No to sector separation. If the Red Snapper are endangered then stop the commercial fishing and make them a game fish. That's what happened to Red Drum. That's what happened to large mouth bass. Stop taking bribe money. Do not separate the private from CFH. Make the recreational Angler on the CFH vessel go get a license just like me and follow the same rules. The commercial Guys pay 3 percent to NMF, THEY ARE FISHING FOR FREE. They are fishing public waters and not paying a fair share of rent like a normal business would have to do to use public resources. I might be wrong on some of this but, without the True Recreational fishermen the ECONOMIC EMPACT WILL BE HUGE. I spend thousands of dollars a year to catch fish and no way is my cost recovered from my limits.

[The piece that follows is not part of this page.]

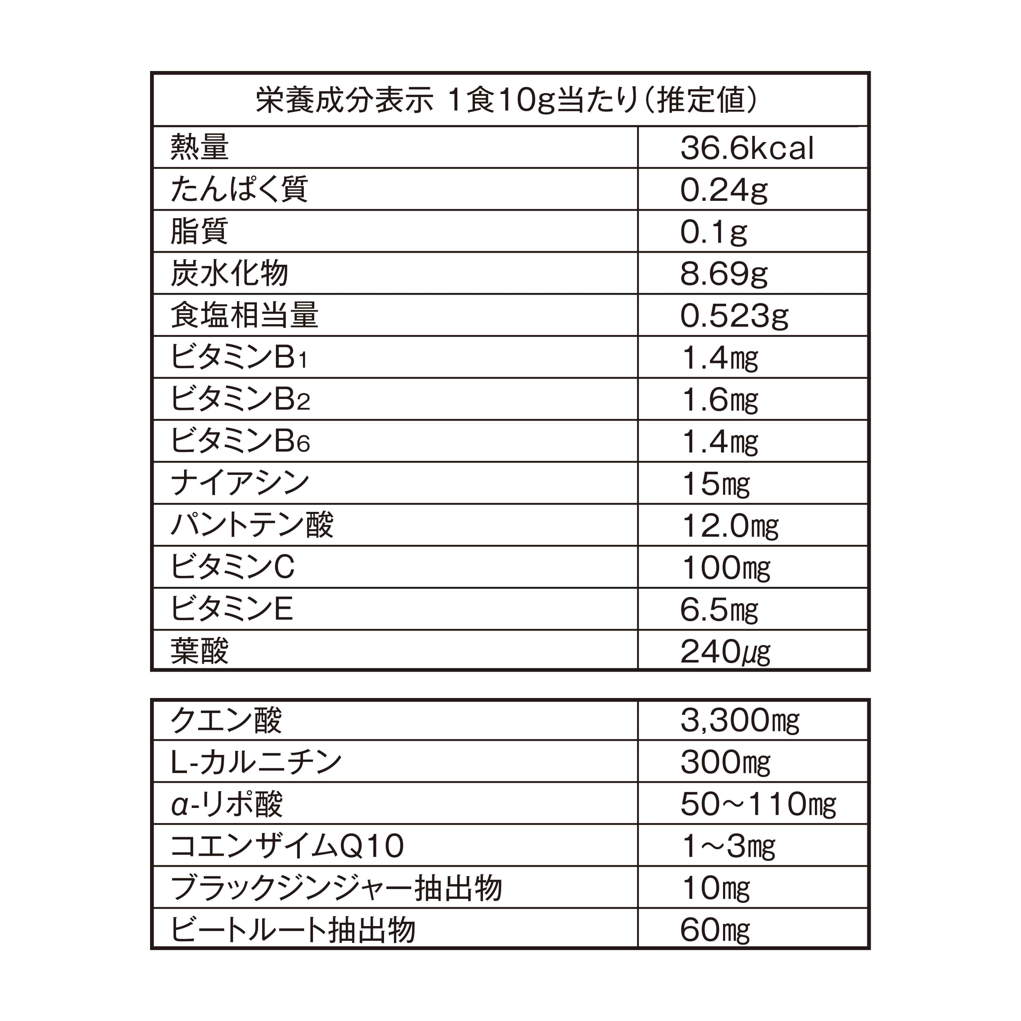 原材料マルトデキストリン(国内製造)、還元麦芽糖水あめ、L-カルニチンフマル酸塩、さとうきび抽出物、α-リポ酸、ビートルート抽出物、ビタミンE含有植物油、ブラックジンジャー抽出物、コエンザイムQ10/酸味料、ケイ酸カルシウム、ビタミンC、甘味料(スクラロース、アセスルファムK)、香料、ナイアシン、パントテン酸カルシウム、ビタミンB6、ビタミンB2、ビタミンB1、葉酸

I GUESS I AM NOT PAYING OFF THE RIGHT FOLKS. Stop this crazy mess and take care of the recreational Angler that keeps this country going.


----------



## Tom Hilton (Oct 4, 2007)

Lopealong (Bobby Kelly)

A better Plan has already been implemented by your own Alabama DNR. Kinda strange you aren't supporting it.

Our 9 day season was a DIRECT result of your EDF-funded bethren's lawsuit - nothing more, nothing less.


----------



## Kim (Aug 5, 2008)

I believe the sector separation is a done deal and I'm kind of surprised that the tackle shops haven't mentioned this or I missed it. A couple weeks back when a Florida fishing license is processed there is a new question asked, "Do you plan to fish for reef fish" and the current cost listed is$0.00. So it looks like there may be a reef fish fee just like a lobster tag add on coming down the road. I haven't seen anything in writing about it but the most controversial reef fish we have is the ever popular Red Snapper. I wonder how that will affect holders of 5 year and lifetime license holders.


----------



## polar21 (Nov 5, 2007)

I posted on the THT regarding the same subject and like most I feel that the "public meetings" are just a check in the box and the decision has been made behind close doors. So how am I going to contribute and/or rectify this problem? Here is my three step plan:

1. Our boat motor blew up a couple of months ago and I have been too busy with other more important things in life (wife, kids, church, friends, work, etc) than to really dedicate any time to it. 
2. Scuba diving has become much more enjoyable than fishing. With all of these random regulations (random snapper closures, AJ's closure date magically appearing) it takes way too much effort to see what is in season, how many you can catch, what the length limitations are, etc. Now days, I go out on the water to enjoy a dive and most of the time I dont even take a speargun. 
3. The next boat I buy will be a ski or pontoon boat. Its much easier to get a bunch of people together to go out for an afternoon of skiing vs. getting a crew together to fish. Plus, its a lot less expensive. 

So I guess I am conforming to their idea that us rec guys shouldnt fish.


----------



## LopeAlong (May 23, 2011)

Tom Hilton said:


> Lopealong (Bobby Kelly)
> 
> A better Plan has already been implemented by your own Alabama DNR. Kinda strange you aren't supporting it.
> 
> Our 9 day season was a DIRECT result of your EDF-funded bethren's lawsuit - nothing more, nothing less.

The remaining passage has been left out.